TASK PROMPT: Your reply should hold every entry below exactly as written and none of the pictures.

(Data excerpts)
# # #
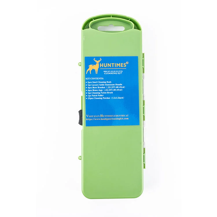 Meie 9MM/.357/.38/.40/.44/.45 kaliibriga puhastuskomplekt, mis on loodud teie püstoli jaoks ja millel on OEM-i kohandatud käepideme logo ja pakend. See mitmekülgne puhastuskomplekt sobib suurepäraselt jahihuvilistele ja kaasas on teie konkreetsetele vajadustele kohandatud tarvikute komplekt. Komplekti kuulub kaks messingist puhastusvarda, vastupidav plastikust käepide, puhastusnailonhari, kakskümmend viis puhastusplaastrit, neli erineva kaliibriga kambriharja, neli messinghammastust, plastikust plaastri tõmmits ja messingist plaastri tõmmits.
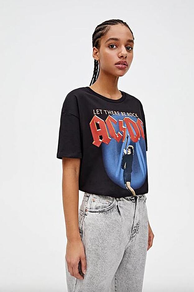 La camiseta rockera de Nagore Robles, en homenaje a AC/DC, pertenece al catálogo de Pull&Bear. Con cuello redondo y manga corta, tiene un precio de 15,99 euros y está disponible entre las tallas XS y XL.
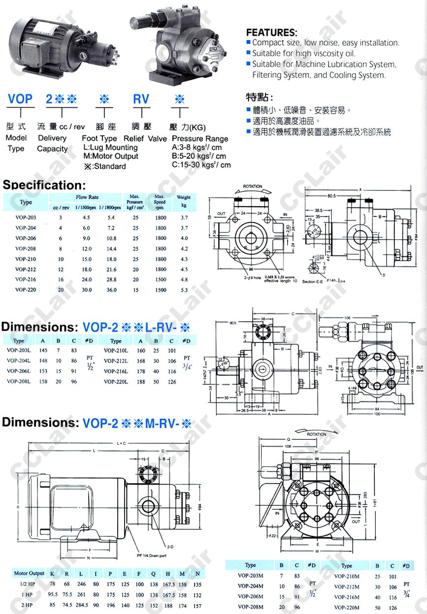 VOP-203M,VOP-204L,VOP-206M,VOP-208L,VOP-210L,VOP-212L,VOP-216M,VOP-220L-RV-A,葉片泵
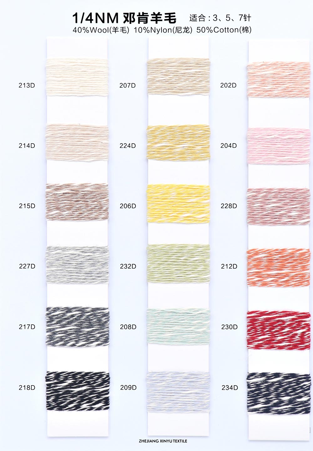 40%羊毛Wool 10%尼龙Nylon 50%棉Cotton
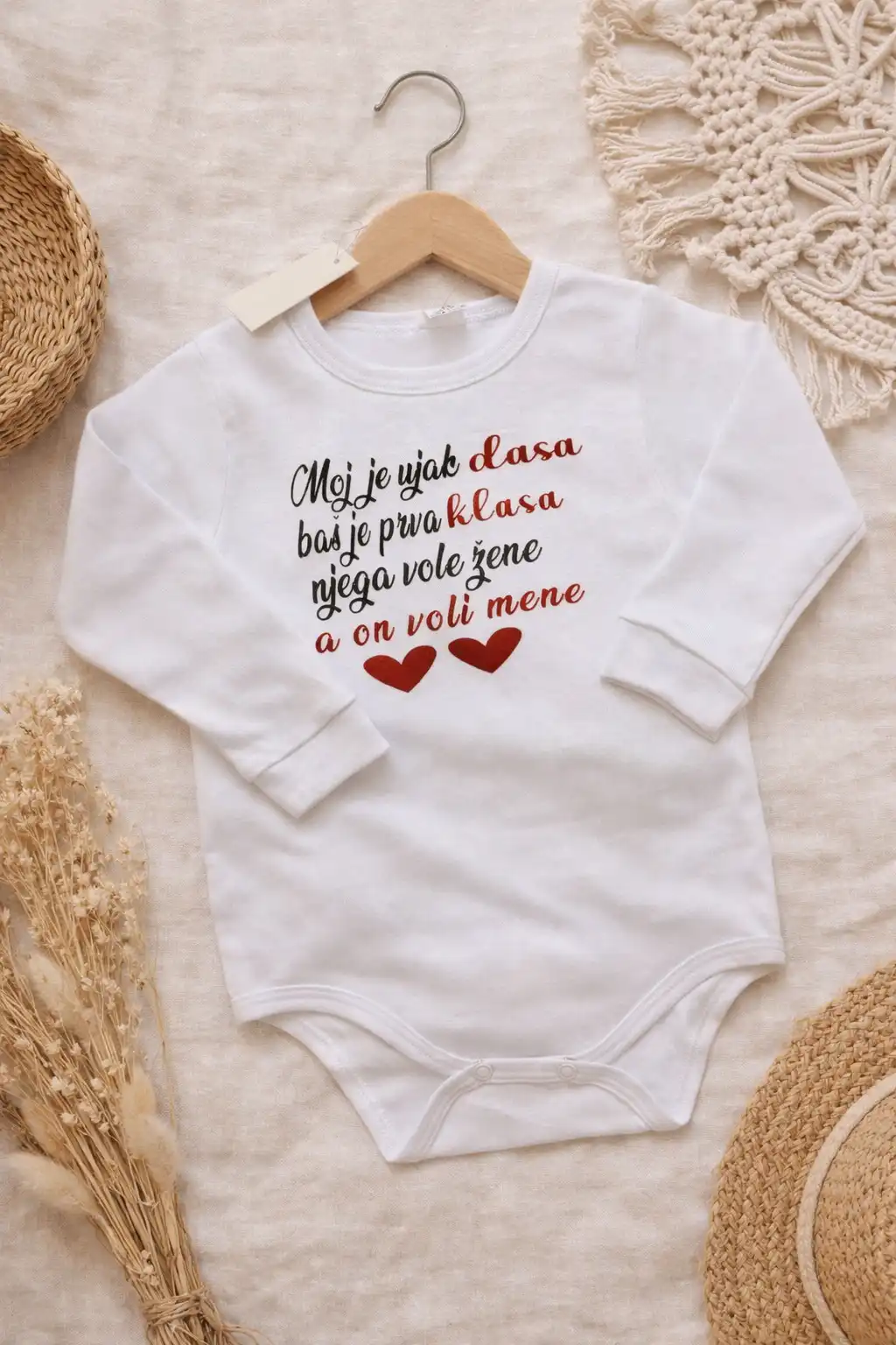 Pamučni bodi za bebe sa natpisom savršen je izbor za svakodnevno nošenje i posebne trenutke. Izrađen od kvalitetnog, mekog pamuka, pruža maksimalnu udobnost i nežnost na osetljivoj bebinoj koži.
# # #
SOLUTION TO THE PROBLEM:
 Meie 9MM/.357/.38/.40/.44/.45 kaliibriga puhastuskomplekt, mis on loodud teie püstoli jaoks ja millel on OEM-i kohandatud käepideme logo ja pakend. See mitmekülgne puhastuskomplekt sobib suurepäraselt jahihuvilistele ja kaasas on teie konkreetsetele vajadustele kohandatud tarvikute komplekt. Komplekti kuulub kaks messingist puhastusvarda, vastupidav plastikust käepide, puhastusnailonhari, kakskümmend viis puhastusplaastrit, neli erineva kaliibriga kambriharja, neli messinghammastust, plastikust plaastri tõmmits ja messingist plaastri tõmmits.
 La camiseta rockera de Nagore Robles, en homenaje a AC/DC, pertenece al catálogo de Pull&Bear. Con cuello redondo y manga corta, tiene un precio de 15,99 euros y está disponible entre las tallas XS y XL.
 VOP-203M,VOP-204L,VOP-206M,VOP-208L,VOP-210L,VOP-212L,VOP-216M,VOP-220L-RV-A,葉片泵
 40%羊毛Wool 10%尼龙Nylon 50%棉Cotton
 Pamučni bodi za bebe sa natpisom savršen je izbor za svakodnevno nošenje i posebne trenutke. Izrađen od kvalitetnog, mekog pamuka, pruža maksimalnu udobnost i nežnost na osetljivoj bebinoj koži.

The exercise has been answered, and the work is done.